> Data under study

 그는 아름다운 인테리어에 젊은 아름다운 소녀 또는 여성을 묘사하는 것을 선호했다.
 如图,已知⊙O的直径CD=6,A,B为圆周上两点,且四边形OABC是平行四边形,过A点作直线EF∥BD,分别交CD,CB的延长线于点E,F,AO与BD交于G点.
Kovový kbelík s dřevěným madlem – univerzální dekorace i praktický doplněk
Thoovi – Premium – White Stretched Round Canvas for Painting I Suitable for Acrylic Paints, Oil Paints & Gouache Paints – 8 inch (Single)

==

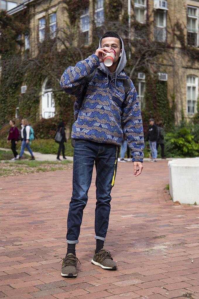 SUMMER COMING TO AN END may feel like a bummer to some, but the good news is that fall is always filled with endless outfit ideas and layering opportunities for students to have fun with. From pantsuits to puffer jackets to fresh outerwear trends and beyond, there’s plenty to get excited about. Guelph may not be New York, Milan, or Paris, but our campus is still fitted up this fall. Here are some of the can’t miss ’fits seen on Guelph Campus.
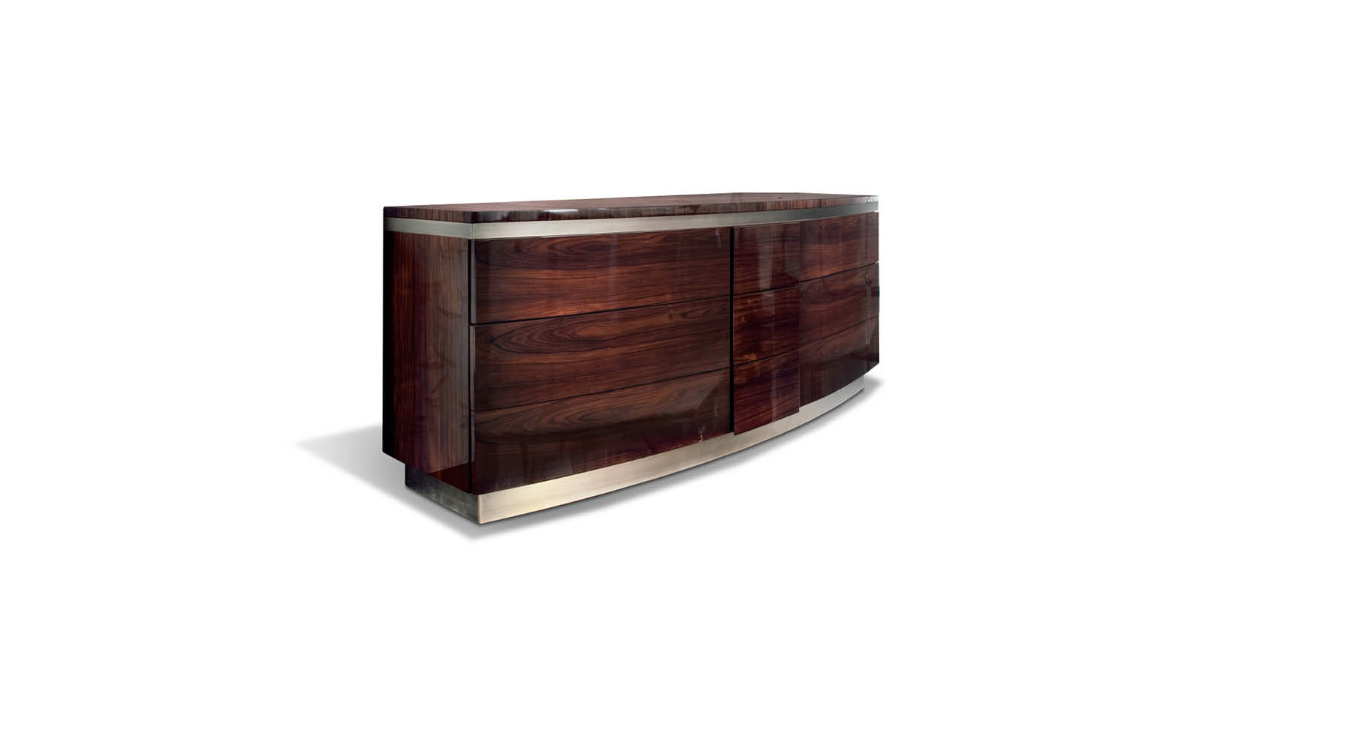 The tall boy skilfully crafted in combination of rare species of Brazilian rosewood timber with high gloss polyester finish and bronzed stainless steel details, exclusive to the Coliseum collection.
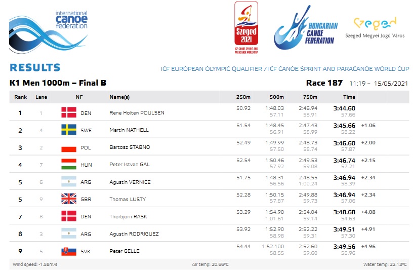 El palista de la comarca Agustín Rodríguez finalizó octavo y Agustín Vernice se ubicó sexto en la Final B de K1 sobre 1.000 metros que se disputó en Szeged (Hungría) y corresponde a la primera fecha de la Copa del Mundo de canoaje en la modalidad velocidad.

...

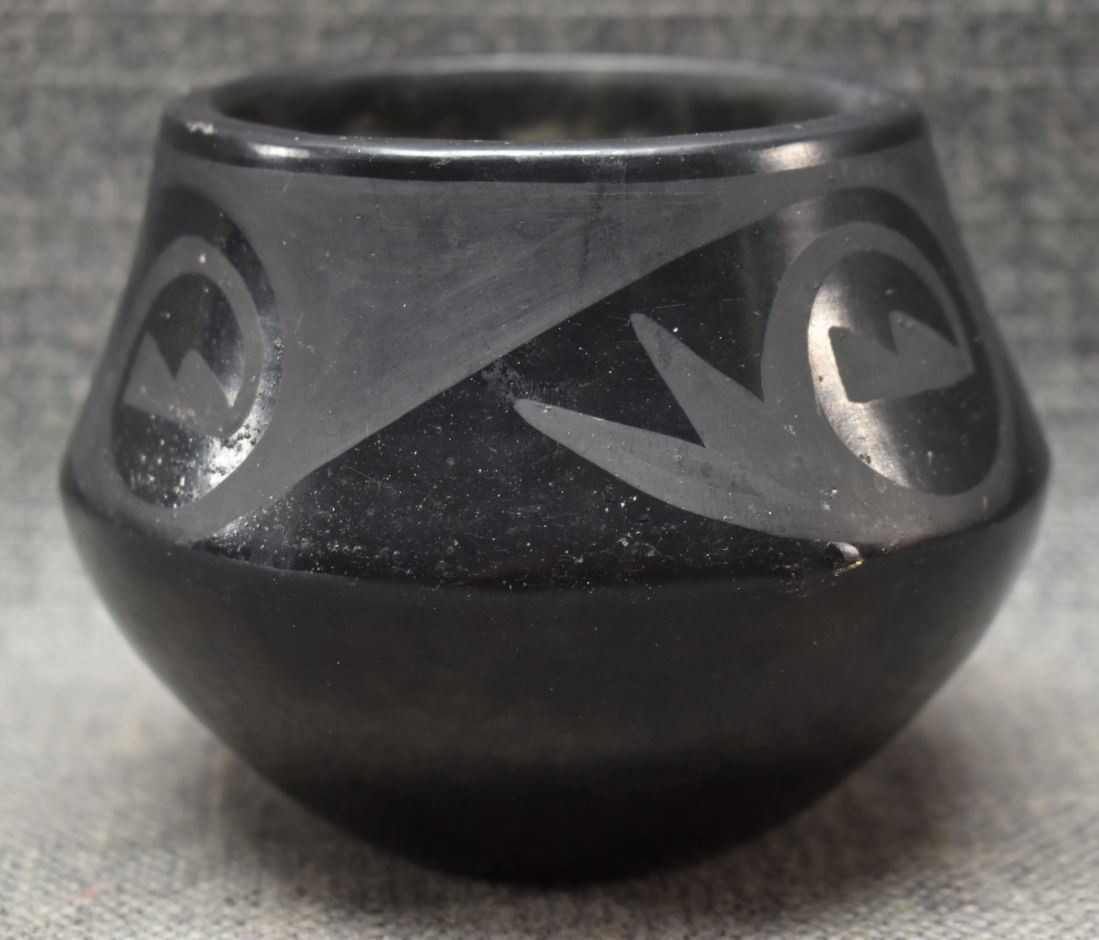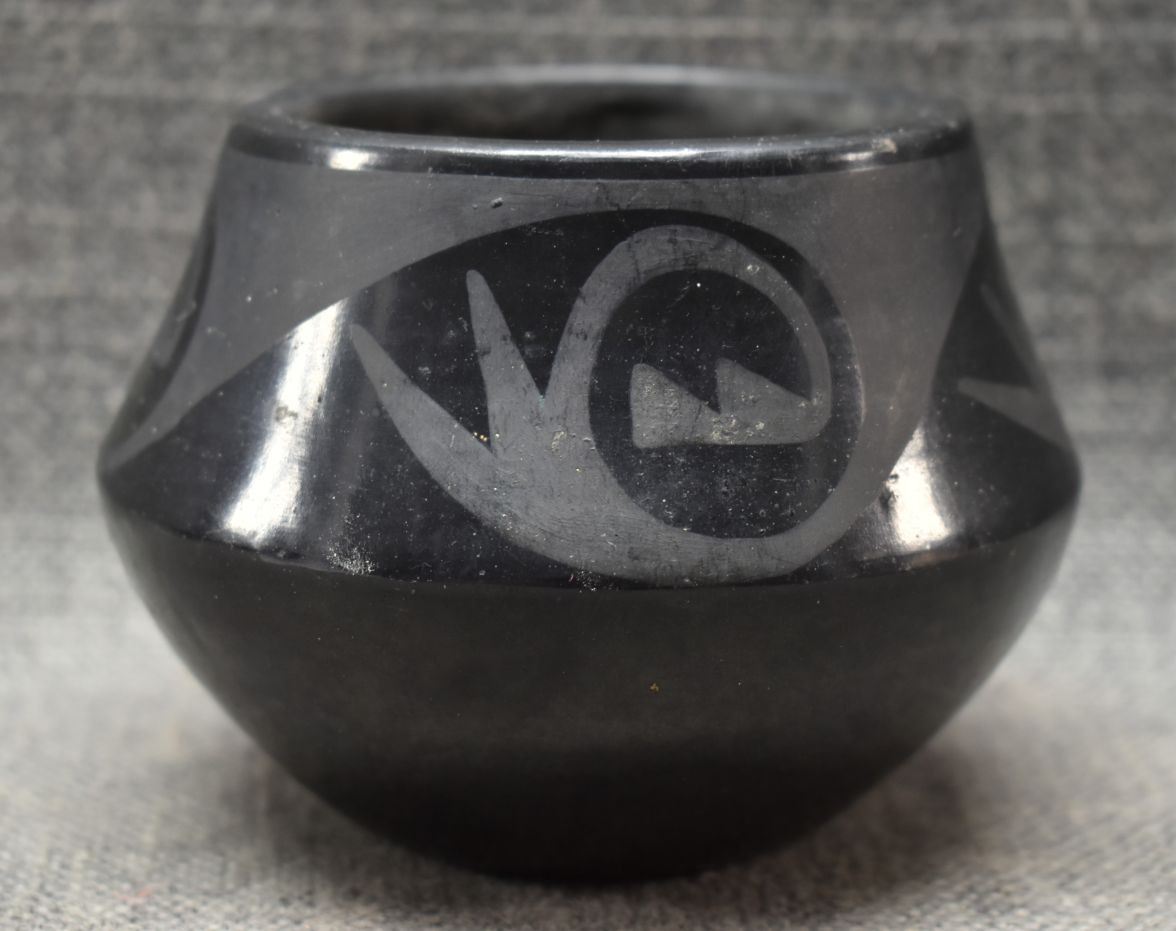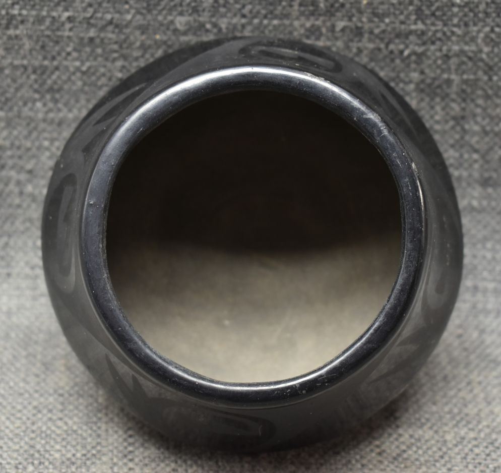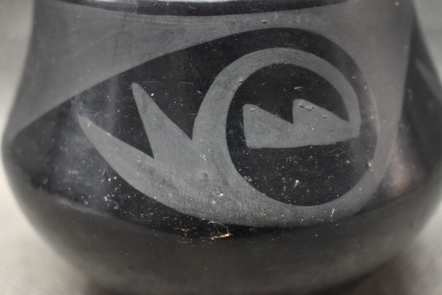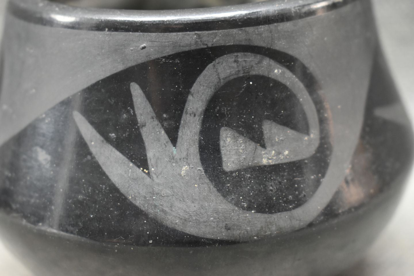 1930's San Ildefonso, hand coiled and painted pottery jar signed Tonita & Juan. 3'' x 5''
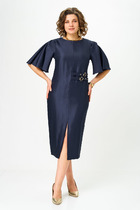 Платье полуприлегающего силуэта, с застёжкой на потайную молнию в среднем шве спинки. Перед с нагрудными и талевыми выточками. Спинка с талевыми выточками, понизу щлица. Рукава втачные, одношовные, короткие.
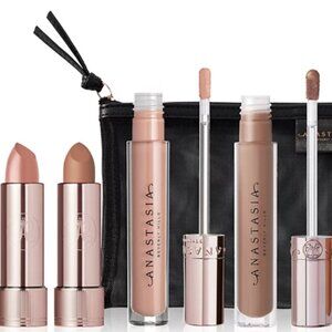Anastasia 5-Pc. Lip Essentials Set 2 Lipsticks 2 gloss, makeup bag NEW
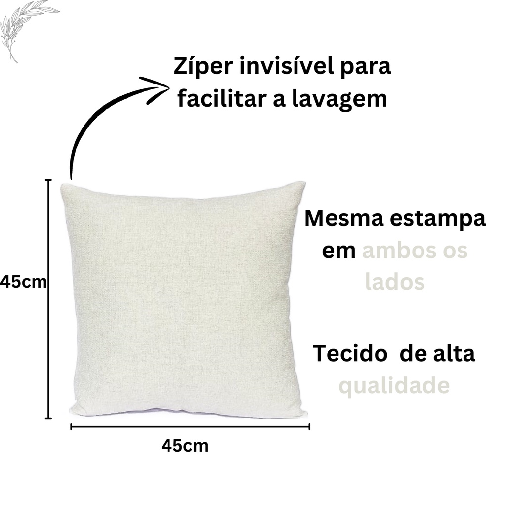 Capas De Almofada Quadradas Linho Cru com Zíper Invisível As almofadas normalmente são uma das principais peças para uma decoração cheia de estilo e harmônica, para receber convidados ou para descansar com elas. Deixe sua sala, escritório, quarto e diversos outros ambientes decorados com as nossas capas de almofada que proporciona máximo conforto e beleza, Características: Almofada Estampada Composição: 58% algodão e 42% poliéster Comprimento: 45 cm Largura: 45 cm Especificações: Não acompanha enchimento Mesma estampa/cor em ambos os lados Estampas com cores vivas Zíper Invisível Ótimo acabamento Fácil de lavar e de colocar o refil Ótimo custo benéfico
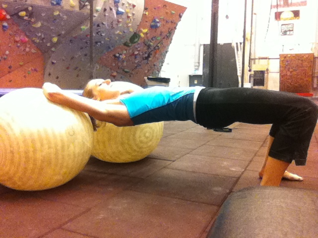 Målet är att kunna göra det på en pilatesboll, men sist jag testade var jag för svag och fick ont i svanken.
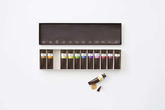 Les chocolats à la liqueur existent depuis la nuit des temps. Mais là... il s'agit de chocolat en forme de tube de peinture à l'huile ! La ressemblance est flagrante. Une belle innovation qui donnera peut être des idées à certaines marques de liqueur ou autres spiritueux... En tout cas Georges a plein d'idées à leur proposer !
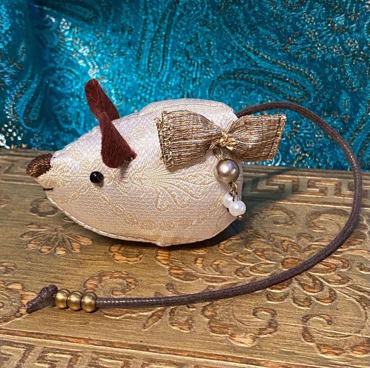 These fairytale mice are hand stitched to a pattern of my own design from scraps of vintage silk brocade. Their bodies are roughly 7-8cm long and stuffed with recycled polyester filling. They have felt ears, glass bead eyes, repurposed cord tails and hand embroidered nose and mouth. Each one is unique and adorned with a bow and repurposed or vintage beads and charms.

> Work instruction
The copy should hold only the lines from the one with "Anastasia 5-Pc. Lip" through the one with "Les chocolats à", exactly as they stand above. Leave out the pictures.

> Result for this exercise
Anastasia 5-Pc. Lip Essentials Set 2 Lipsticks 2 gloss, makeup bag NEW
 Capas De Almofada Quadradas Linho Cru com Zíper Invisível As almofadas normalmente são uma das principais peças para uma decoração cheia de estilo e harmônica, para receber convidados ou para descansar com elas. Deixe sua sala, escritório, quarto e diversos outros ambientes decorados com as nossas capas de almofada que proporciona máximo conforto e beleza, Características: Almofada Estampada Composição: 58% algodão e 42% poliéster Comprimento: 45 cm Largura: 45 cm Especificações: Não acompanha enchimento Mesma estampa/cor em ambos os lados Estampas com cores vivas Zíper Invisível Ótimo acabamento Fácil de lavar e de colocar o refil Ótimo custo benéfico
 Målet är att kunna göra det på en pilatesboll, men sist jag testade var jag för svag och fick ont i svanken.
 Les chocolats à la liqueur existent depuis la nuit des temps. Mais là... il s'agit de chocolat en forme de tube de peinture à l'huile ! La ressemblance est flagrante. Une belle innovation qui donnera peut être des idées à certaines marques de liqueur ou autres spiritueux... En tout cas Georges a plein d'idées à leur proposer !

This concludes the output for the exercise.